The days may be growing shorter, but Array Technologies (ARRY 1.75%) shone brightly in investors' eyes this week after the solar company reported third-quarter 2022 earnings. Beating analysts' revenue and earnings estimates, Array also warmed investors' hearts with an auspicious forecast for 2022.
As of the end of trading on Thursday, shares of Array, a leader in solar-tracking equipment for utility-scale applications, have shot up 20.6% since the end of trading last Friday.
Setting a new quarterly record for revenue, Array reported sales of $515 million, representing a year-over-year gain of 173%. Analysts had expected the company to report $429 million on the top line. While the acquisition of STI Norland accounted for a large part of the company's revenue growth, organic revenue growth was strong, representing a 112% over that which Array reported in Q3 2021.
And it wasn't only the top of the income statement where Array sparkled. For the fourth consecutive quarter, Array expanded its gross profit margin, resulting in the company generating a gross margin of 15.6% in Q3 2022 -- notably higher than the 3.1% gross margin that it reported during the same period last year.

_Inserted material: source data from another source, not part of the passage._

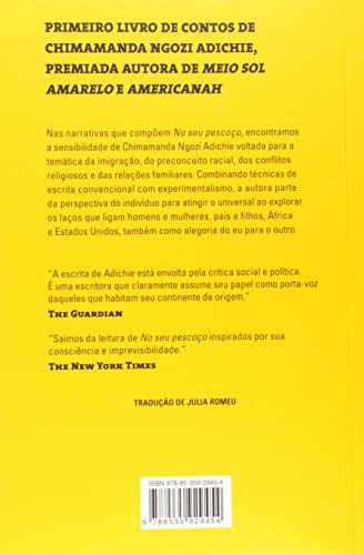 Os contos magistrais da premiada autora do best-seller Americanah chegam ao Brasil em aguardada edição. A escritora nigeriana Chimamanda Ngozi Adichie vem conquistando um público cada vez maior, tanto no Brasil como fora dele. Em 2007, seu romance Meio sol amarelo venceu o National Book Critics Circle Award e o Orange Prize de ficção, mas foi com o romance seguinte, Americanah, que ela atingiu o volume de leitores que a alavancou para o topo das listas de mais vendidos dos Estados Unidos, onde vive atualmente. Ao trabalho de ficcionista, somou-se a expressiva e incontornável militância da autora em favor da igualdade de gêneros e raça. Agora é a vez de os leitores brasileiros conhecerem a face de contista dessa grande autora já consagrada pelas formas do romance e do ensaio. Publicado em inglês em 2009, No seu pescoço contém todos os elementos que fazem de Adichie uma das principais escritoras contemporâneas. Nos doze contos que compõem o volume, encontramos a sensibilidade da autora voltada para a temática da imigração, da desigualdade racial, dos conflitos religiosos e das relações familiares. Combinando técnicas da narrativa convencional com experimentalismo, como no conto que dá nome ao livro — escrito em segunda pessoa —, Adichie parte da perspectiva do indivíduo para atingir o universal que há em cada um de nós e, com isso, proporciona a seus leitores a experiência da empatia, bem escassa em nossos tempos. * Leitura obrigatória do vestibular da UNICAMP.
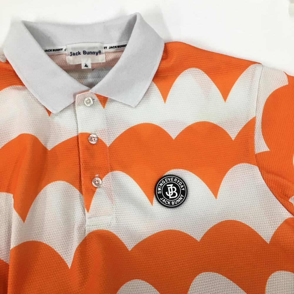 【美品】ジャックバニー 半袖ポロシャツ オレンジ×白 総柄 メンズ 4(M) ゴルフウェア Jack Bunny
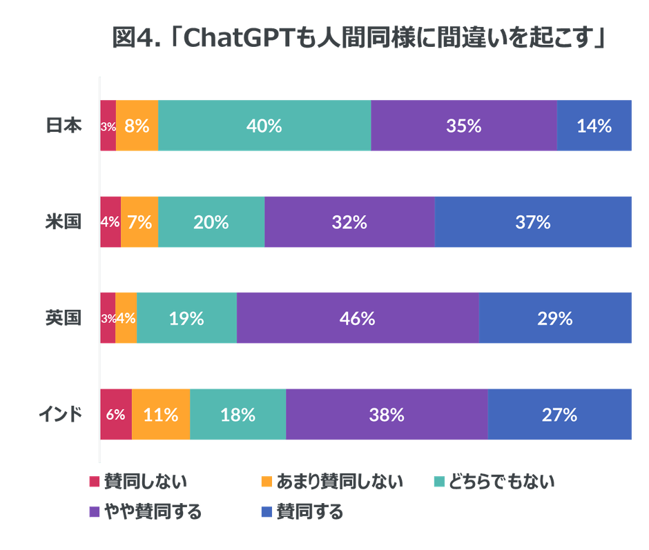米国、英国そしてインドでは30%近くがChatGPTが間違えることに賛同した。一方、日本では「賛同する」がわずか14%にとどまっている。仕事の脅威や影響と同じく、ChatGPTの回答精度に対しての認識も他国と差がある状態だ。
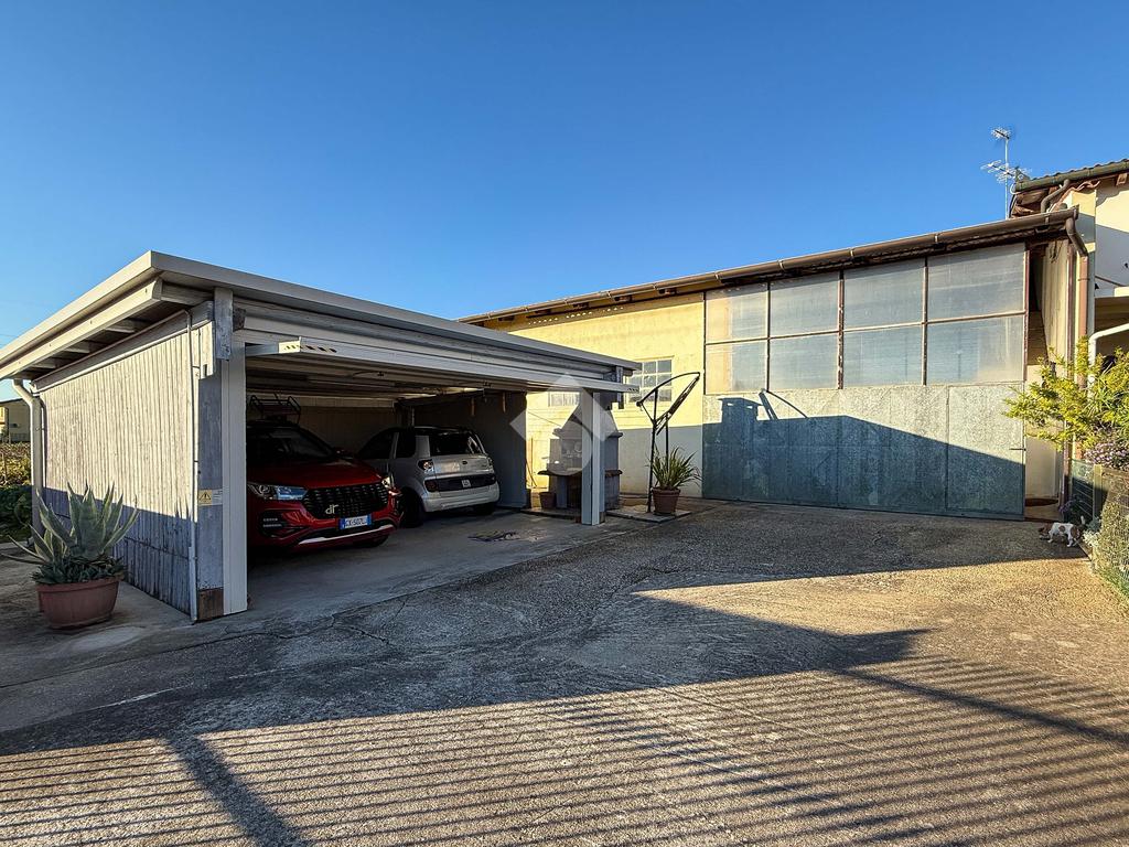 A completare la soluzione oltre al ricovero attrezzi di circa 250 mq, troviamo anche due posti auto coperti da una pompeiana.

The growth, moreover, extended to the bottom of the income statement. While analysts expected the company to report earnings per share of $0.11, Array booked EPS of $0.19.

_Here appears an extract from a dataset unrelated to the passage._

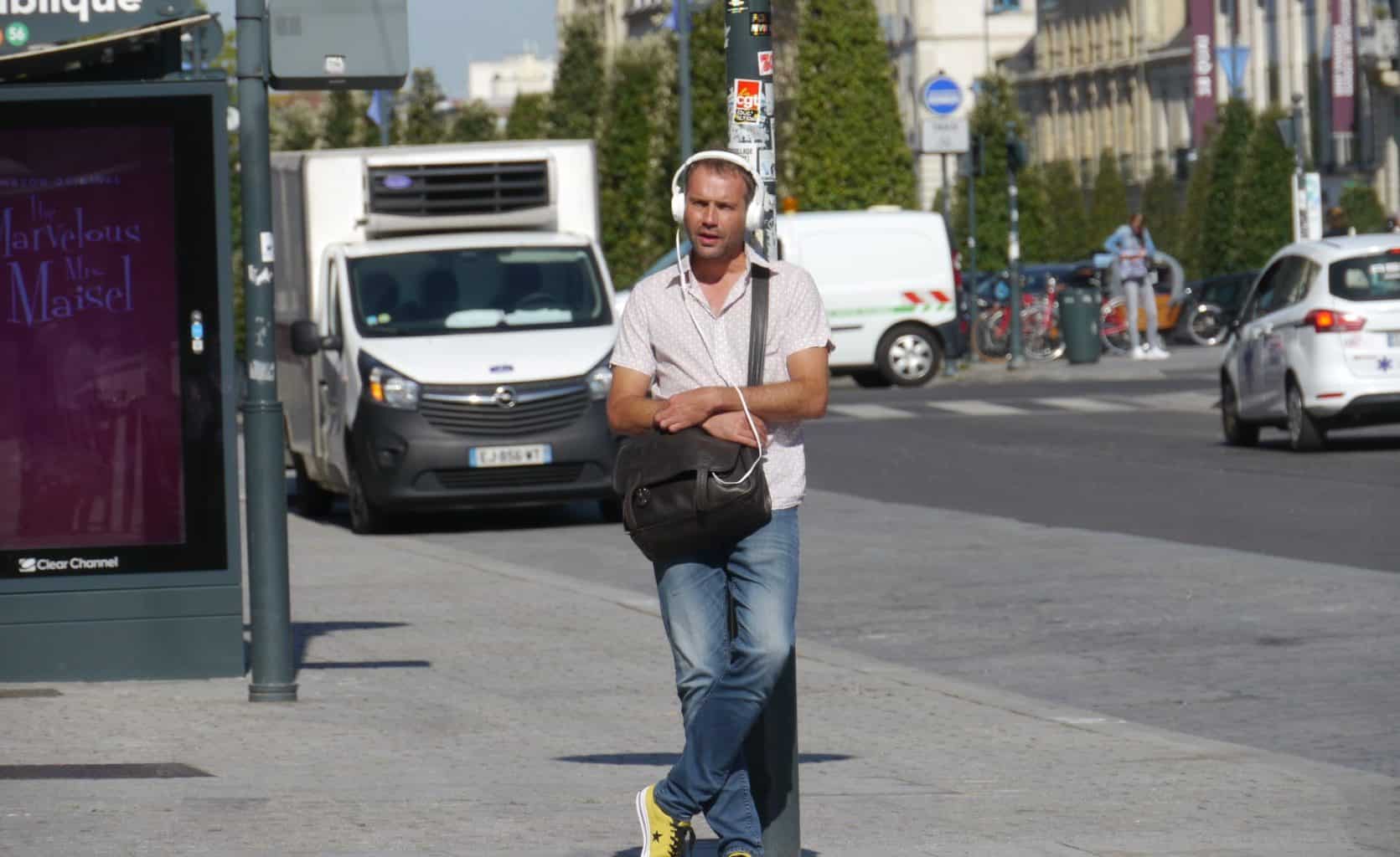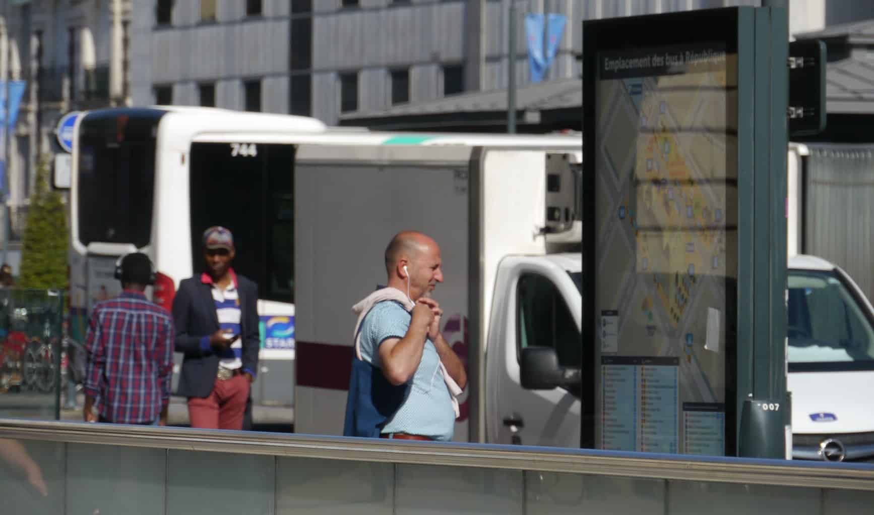 Une fois la ville bien éveillée, aux alentours de 10 h, la performance commence au milieu de l’effervescence de la place de la République. Entre deux arrêts de bus, une voix masculine s’élève doucement. Casque blanc sur les oreilles, un homme fredonne un tube de 2005 (« Ma philosophie », Amel Bent) avant d’être accompagné par une voix féminine. Une troisième se fait entendre un peu plus loin… Dans ce jeu théâtral non-convoqué, une chorale s’improvise.

Investors also warmed up to the company's outlook for 2022. Management projects Array will report revenue of $1.5 billion to $1.6 billion. Should the company achieve the midpoint of this guidance, it will represent a year-over-year gain of about 82%.
Basking in the glow of a strong earnings report, investors had a lot to celebrate this week. It seems, however, that this solar stock is not solely one for renewable energy investors to keep on their radars, but growth investors as well.